Data block
● ● ● ● ●

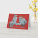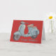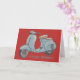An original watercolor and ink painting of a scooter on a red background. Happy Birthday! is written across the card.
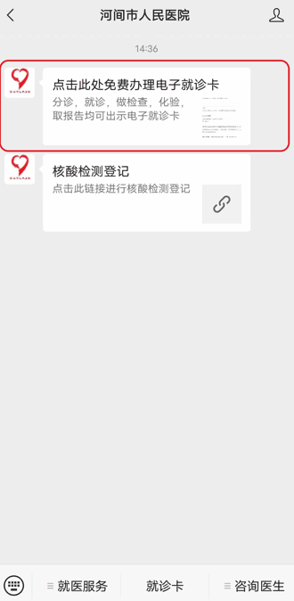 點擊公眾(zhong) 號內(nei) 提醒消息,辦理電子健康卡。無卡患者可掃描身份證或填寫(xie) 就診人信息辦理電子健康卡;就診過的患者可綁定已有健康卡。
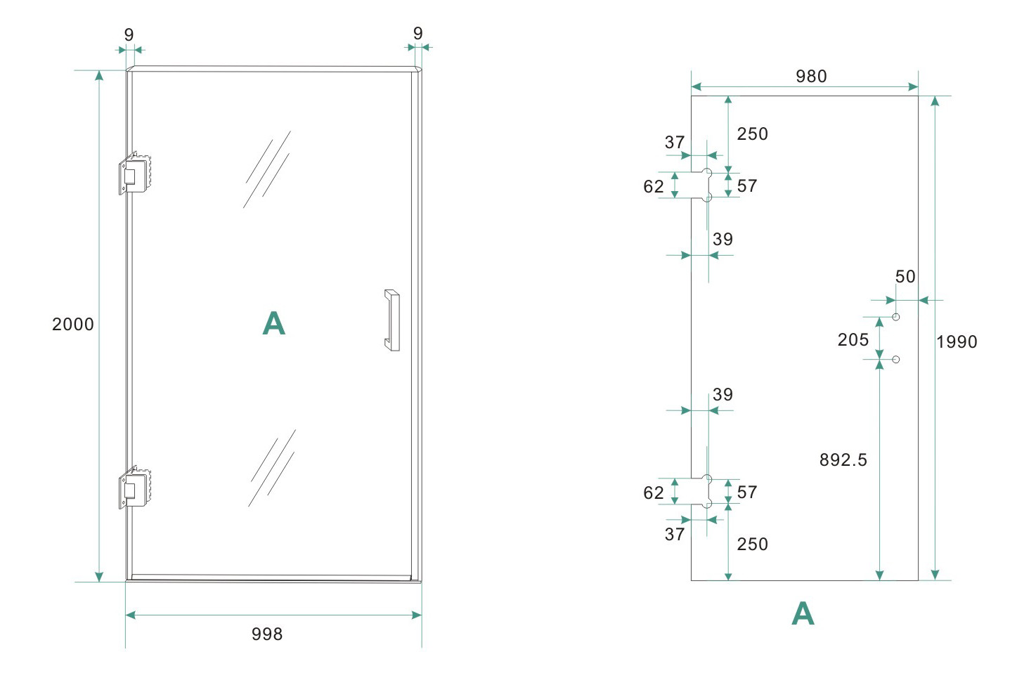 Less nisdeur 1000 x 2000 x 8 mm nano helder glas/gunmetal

● ● ● ● ●

Your task
Without any of its pictures, the listing is to be repeated exactly as it stands.

Response area
An original watercolor and ink painting of a scooter on a red background. Happy Birthday! is written across the card.
 點擊公眾(zhong) 號內(nei) 提醒消息,辦理電子健康卡。無卡患者可掃描身份證或填寫(xie) 就診人信息辦理電子健康卡;就診過的患者可綁定已有健康卡。
 Less nisdeur 1000 x 2000 x 8 mm nano helder glas/gunmetal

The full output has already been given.